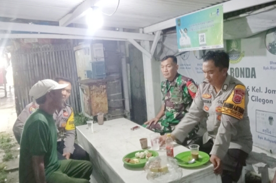 Sertu Riadi, Babinsa wilayah Jombang Wetan, melaksanakan komsos dengan aparat keamanan gabungan dalam rangka pengawasan dan pengamanan di pos kamling warga Link Kubang Laban, Kelurahan Jombang Wetan, Kecamatan Jombang, Kota Cilegon.
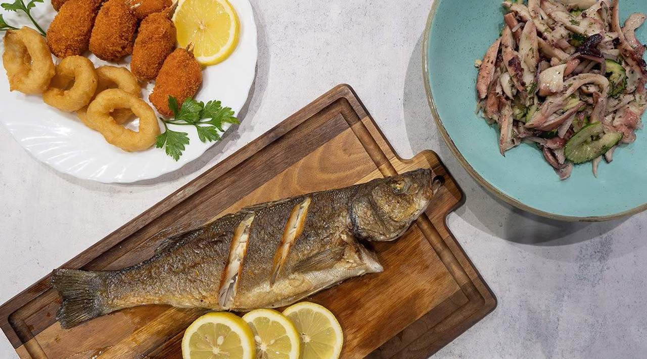Pnirani kolutići lignje i panirani surimi sa ukusom krabe
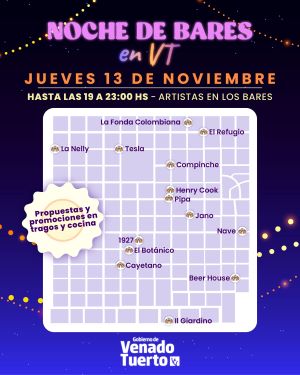 Este jueves 13 de noviembre el Gobierno de Venado Tuerto ofrecerá una nueva edición de la “Noche de bares”, con variadas propuestas y promociones en tragos y cocina, además de espectáculos con artistas locales.
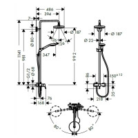 Hansgrohe Croma Select S 27255400 — душевая система с настенным монтажом. Верхний душ — круглый, диаметр 180 мм, ручная лейка с тремя режимами. Штанга длиной 98,1 см. В комплекте смеситель. Исполнение: хром/белый. Предназначена для душа. Гарантия 2 года. Производство — Германия.
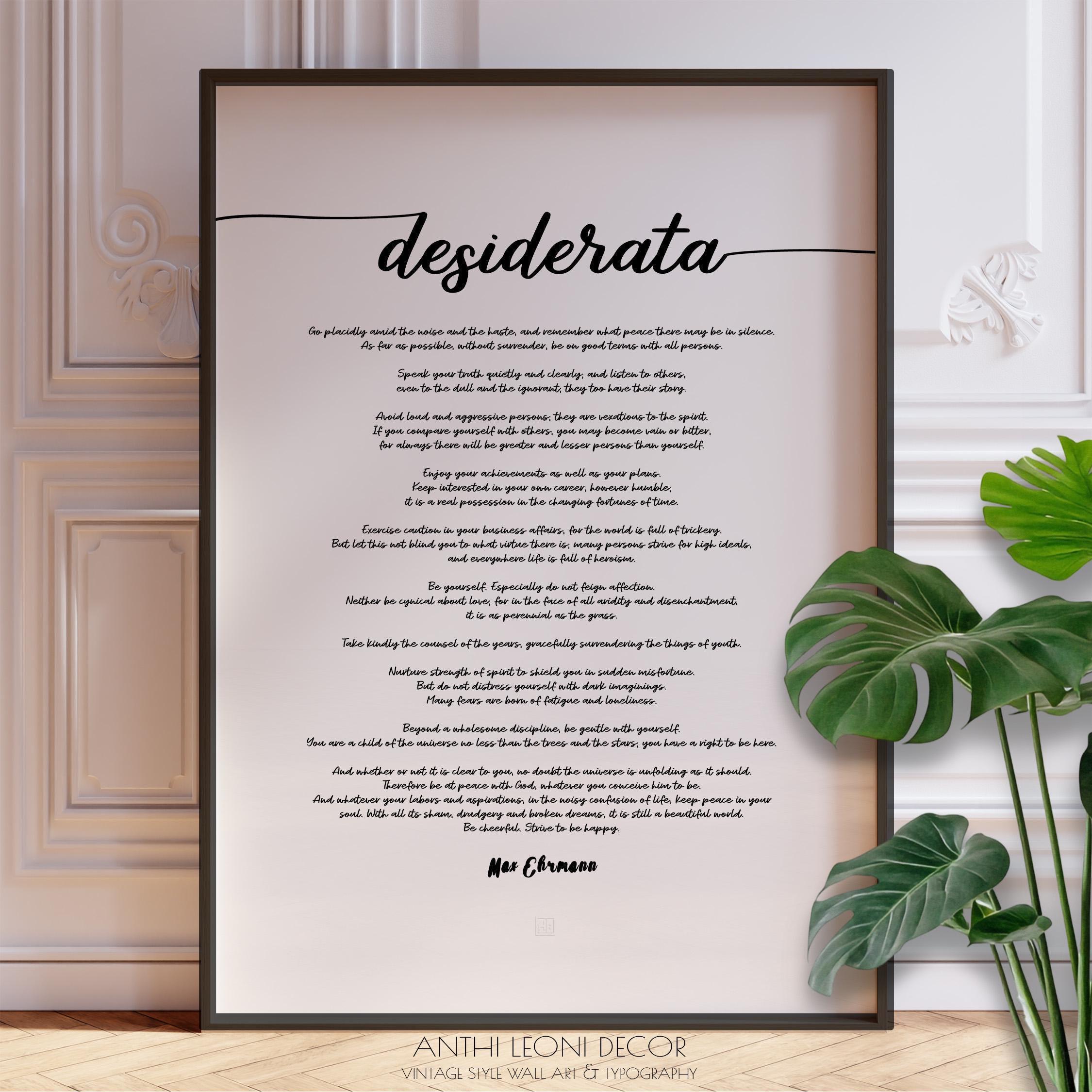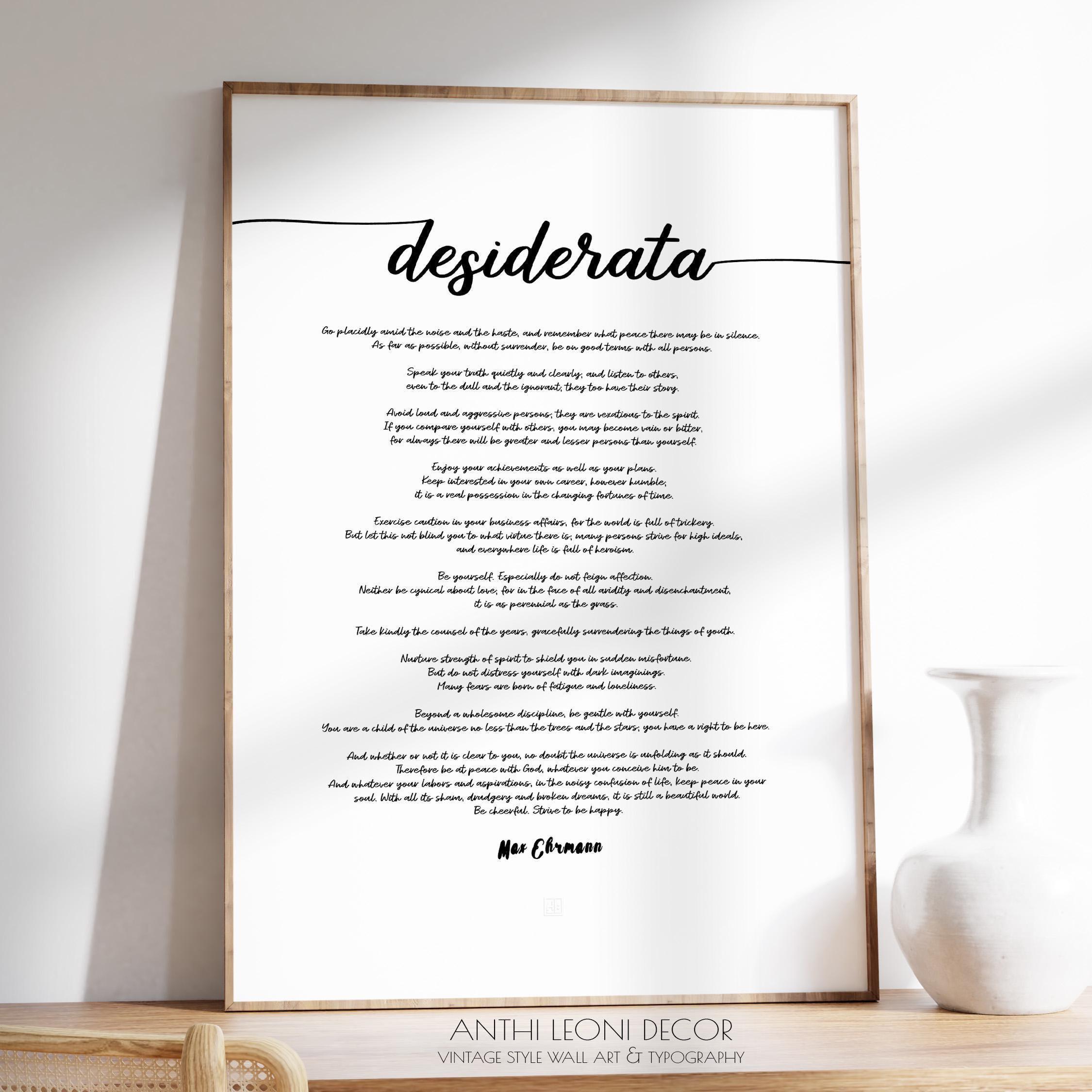 Desiderata print - Desiderata Poem - Max Ehrmann - Go Placidly Poem poster - Poem About Life - Happiness Poem - Contemporary script font poem - Peace and Harmony Poem - Graduation Gift - Anthi Leoni Decor Poetry Wall Art for all occasions.
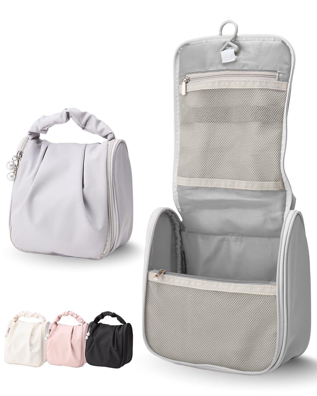 化粧ポーチ コスメポーチ メイクポーチ 大容量【Poco'ce掲載】【日常でも旅行でも活躍するポーチ】トラベルポーチ 吊り下げ 旅行 ポーチ 小物入れ 洗面用具 大きめ 撥水 軽量 おしゃれ 可愛い トラベル 出張 持ち運び 縦型 自立 (パールグレー)
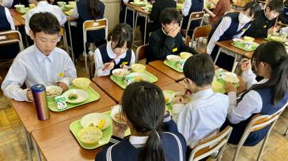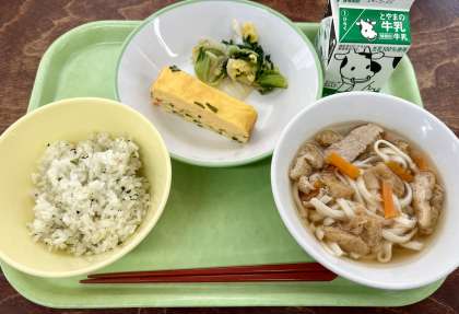 1年・炭水化物祭り?! 公開日 2024/05/15 更新日 2024/05/15 1学年 5月15日(水) 給食 今日の献立は、「菜めし、牛乳、千草焼き、おひたし、かやくうどん」です。(写真:上) (写真 中:1年4組 下:1年5組) 炭水化物が多いかなと感じますが、生徒は大好物のようです。
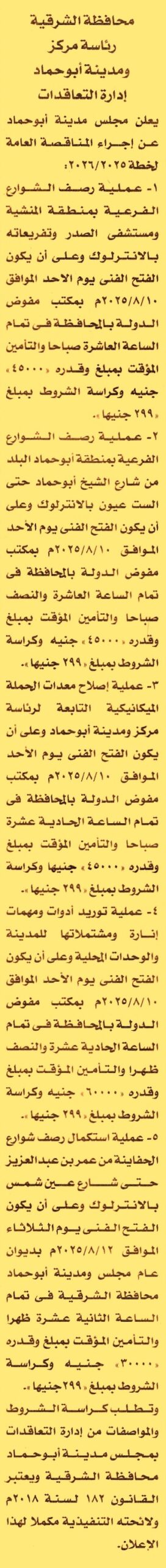 HOT Information مناقصة عامة لعملية رصف الشوارع الفرعية بمنطقة المنشية ومستشفى الصدر وتفريعاته بالانترلوك عن جريدة الأخبار Post navigation رئاسة مركز ومدينة تلا محافظة سوهاج

....

**TASK TO COMPLETE**
Please leave out the pictures as you reproduce the lines exactly, from the first line of the entries through the line containing "Desiderata print - Desiderata".

**SOLUTION TO THIS PROBLEM**
 Sertu Riadi, Babinsa wilayah Jombang Wetan, melaksanakan komsos dengan aparat keamanan gabungan dalam rangka pengawasan dan pengamanan di pos kamling warga Link Kubang Laban, Kelurahan Jombang Wetan, Kecamatan Jombang, Kota Cilegon.
Pnirani kolutići lignje i panirani surimi sa ukusom krabe
 Este jueves 13 de noviembre el Gobierno de Venado Tuerto ofrecerá una nueva edición de la “Noche de bares”, con variadas propuestas y promociones en tragos y cocina, además de espectáculos con artistas locales.
 Hansgrohe Croma Select S 27255400 — душевая система с настенным монтажом. Верхний душ — круглый, диаметр 180 мм, ручная лейка с тремя режимами. Штанга длиной 98,1 см. В комплекте смеситель. Исполнение: хром/белый. Предназначена для душа. Гарантия 2 года. Производство — Германия.
 Desiderata print - Desiderata Poem - Max Ehrmann - Go Placidly Poem poster - Poem About Life - Happiness Poem - Contemporary script font poem - Peace and Harmony Poem - Graduation Gift - Anthi Leoni Decor Poetry Wall Art for all occasions.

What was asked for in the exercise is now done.